Despite the change in administration, under the new president, Joe Biden, the US continues with its anti-China posturing. This is evident in the recent statements made against China by Biden administration’s state secretary Antony Blinken and defense secretary George Lloyd.

“Egregious acts of racialized gendered violence never happen in a vacuum,” wrote Labor Against Racism and War in a tweet, a movement supported by over 160 labor unions in the US, responding to the Atlanta shooting.

Calling for opposition to the “US manufactured campaign demonization campaign against China,” the movement said that the “yellow peril racist war drive is the root cause of spikes in anti-Asian violence. The US security state and media are complicit in creating a dangerous climate to everyone in the Asian community.”

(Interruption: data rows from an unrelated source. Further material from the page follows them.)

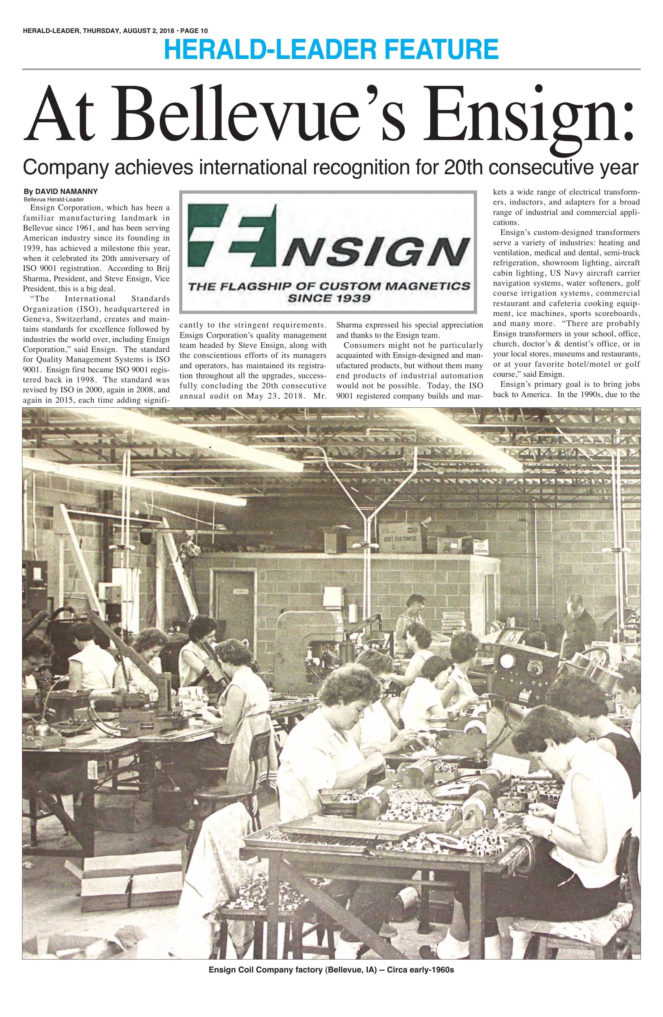 As the "Flagship of Custom magnetics", Ensign has come a long way since 1939. We have forged a reputation as a world-class manufacturer of electrical transformers, inductors and adapters for an ever-broadening array of industrial and commercial applications. Today, Ensign is a customer driven, ISO 9001:2015 registered organization that offers OEMs low-volume and high-volume production from domestic and offshore facilities. Both facilities meet all applicable safety agency requirements,and share a common commitment to continuous improvement.
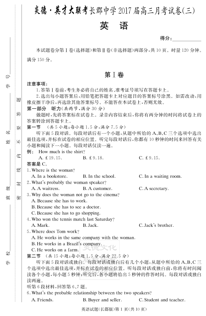 下一篇:【語文】炎德英才大聯考2017長郡中學高三3次月考
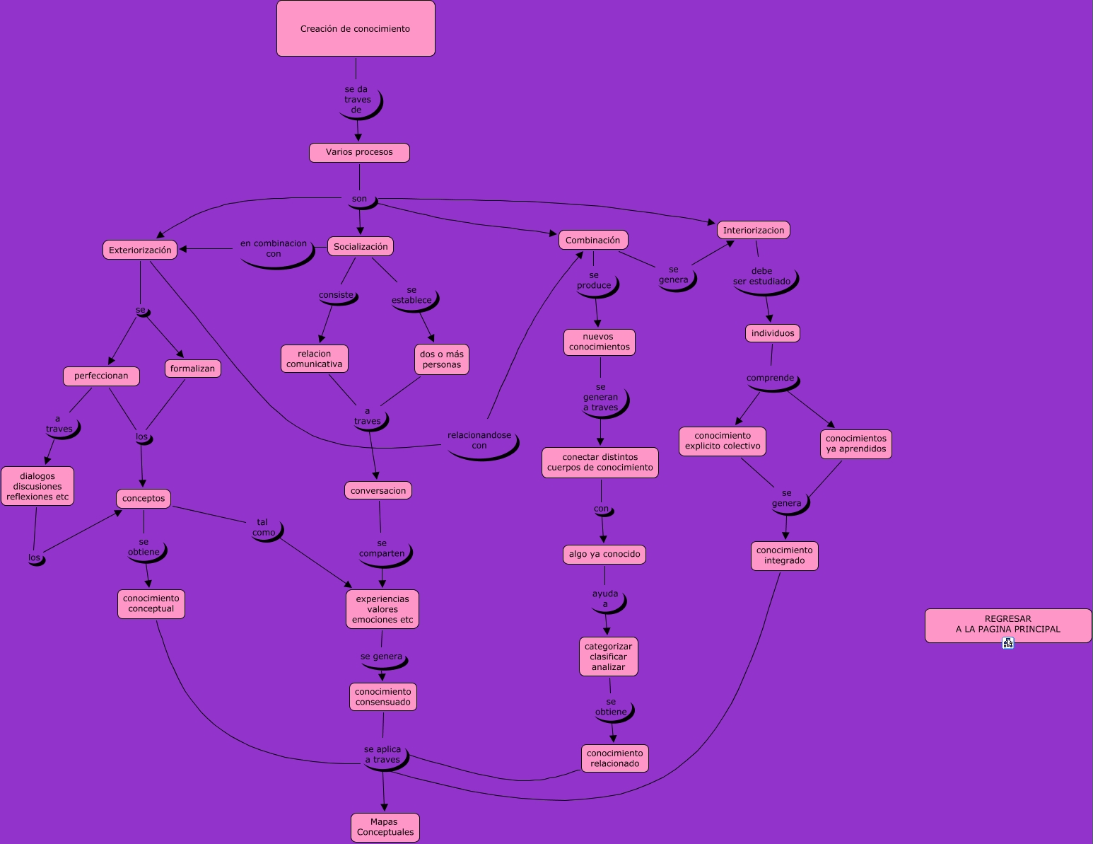 Este mapa conceptual tiene información relacionada a: OPERACIONES DE CREACION DE CONOCIMIENTO, relacion comunicativa a traves conversacion, Socialización se establece dos o más personas, conversacion se comparten experiencias valores emociones etc, individuos comprende conocimientos ya aprendidos, Exteriorización relacionandose con Combinación, Varios procesos son Interiorizacion, perfeccionan a traves dialogos discusiones reflexiones etc, categorizar clasificar analizar se obtiene conocimiento relacionado, Exteriorización se perfeccionan, Socialización consiste relacion comunicativa

PSL also echoed the same opposition to US foreign policy in their statement. “The Biden administration publicly condemned anti-Asian hate crimes, but these gestures ring hollow so long as members of his administration intensify the war drive and contribute to anti-China fear mongering,” reads the statement.

In the meanwhile, residents of Atlanta, the Asian American community and people across the US are holding memorials for the victims, raising funds and extending their solidarities for the affected families, and holding demonstrations demanding justice.